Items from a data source
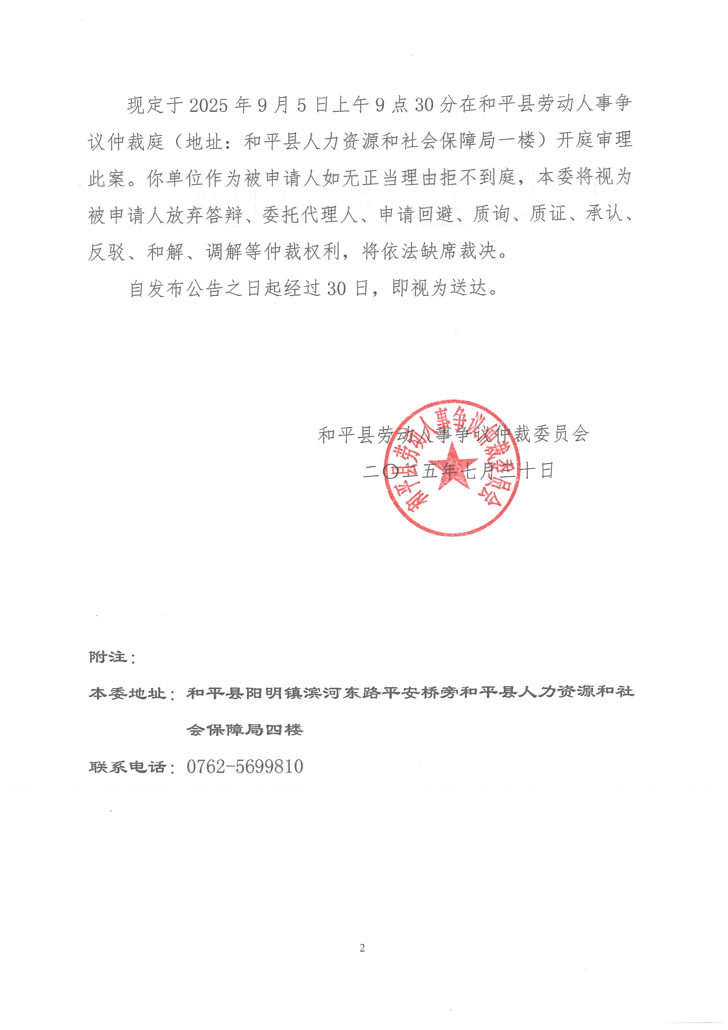 关于黄建华、黄小拉、黄秀娥、程楚文、戴德城诉河源市亿源通房地产开发有限公司仲裁开庭应诉通知 作者: 来源:和平县人力资源和社会保障局 发布时间:2025-07-30 浏览次数:-次 【字体:小 大】 分享到: 【打印正文】
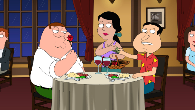 When Peter, Quagmire and Joe visit the Harvard University campus, Quagmire accidentally marries a prostitute. In order to get out of his marriage, Quagmire pretends to be lovers with Peter on an all-new “The Giggity Wife” episode of FAMILY GUY airing Sunday, Jan. 27 (9:00-9:30 PM ET/PT) on FOX. (FG-1009) (TV-14 D, L, S, V)
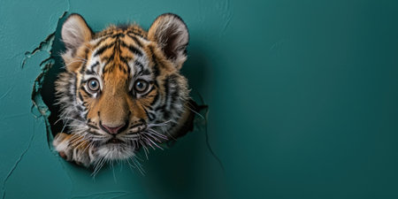 Close up view picture of the hollow green hole on the the wall that show the tiger stay inside the wall that has been made from some material yet still can be break to look through other side. AIGX03.
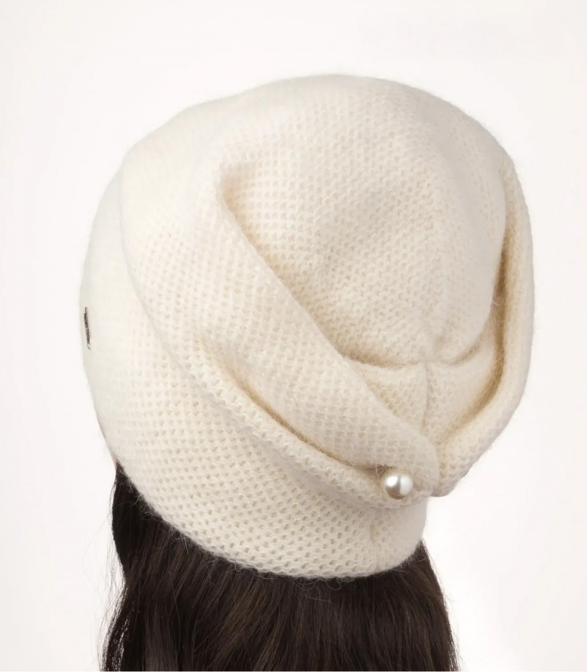 Elegantne ja pehme Odyssey naiste müts kergelt läikivast lõngast. Esiosas on väike metallist brändiplaat ning tagaküljel dekoratiivne voldikinnitus kahe pärliga. Mugav ja soe jahedamateks päevadeks.
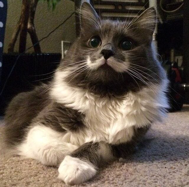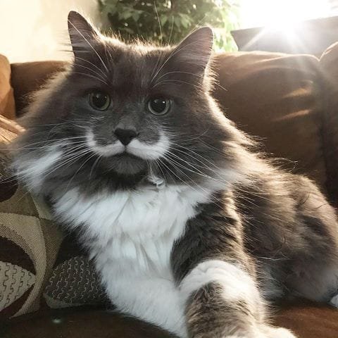 Hamilton, an internet-famous cat, is known for his distinctive white mustache, which gives him a hipster look. His unique facial markings and playful personality have made him a social media sensation.

| WHAT YOU HAVE TO DO |
Skip the pictures and transcribe the rest of the records exactly.

| RESPONSE TO THE EXERCISE |
 关于黄建华、黄小拉、黄秀娥、程楚文、戴德城诉河源市亿源通房地产开发有限公司仲裁开庭应诉通知 作者: 来源:和平县人力资源和社会保障局 发布时间:2025-07-30 浏览次数:-次 【字体:小 大】 分享到: 【打印正文】
 When Peter, Quagmire and Joe visit the Harvard University campus, Quagmire accidentally marries a prostitute. In order to get out of his marriage, Quagmire pretends to be lovers with Peter on an all-new “The Giggity Wife” episode of FAMILY GUY airing Sunday, Jan. 27 (9:00-9:30 PM ET/PT) on FOX. (FG-1009) (TV-14 D, L, S, V)
 Close up view picture of the hollow green hole on the the wall that show the tiger stay inside the wall that has been made from some material yet still can be break to look through other side. AIGX03.
 Elegantne ja pehme Odyssey naiste müts kergelt läikivast lõngast. Esiosas on väike metallist brändiplaat ning tagaküljel dekoratiivne voldikinnitus kahe pärliga. Mugav ja soe jahedamateks päevadeks.
 Hamilton, an internet-famous cat, is known for his distinctive white mustache, which gives him a hipster look. His unique facial markings and playful personality have made him a social media sensation.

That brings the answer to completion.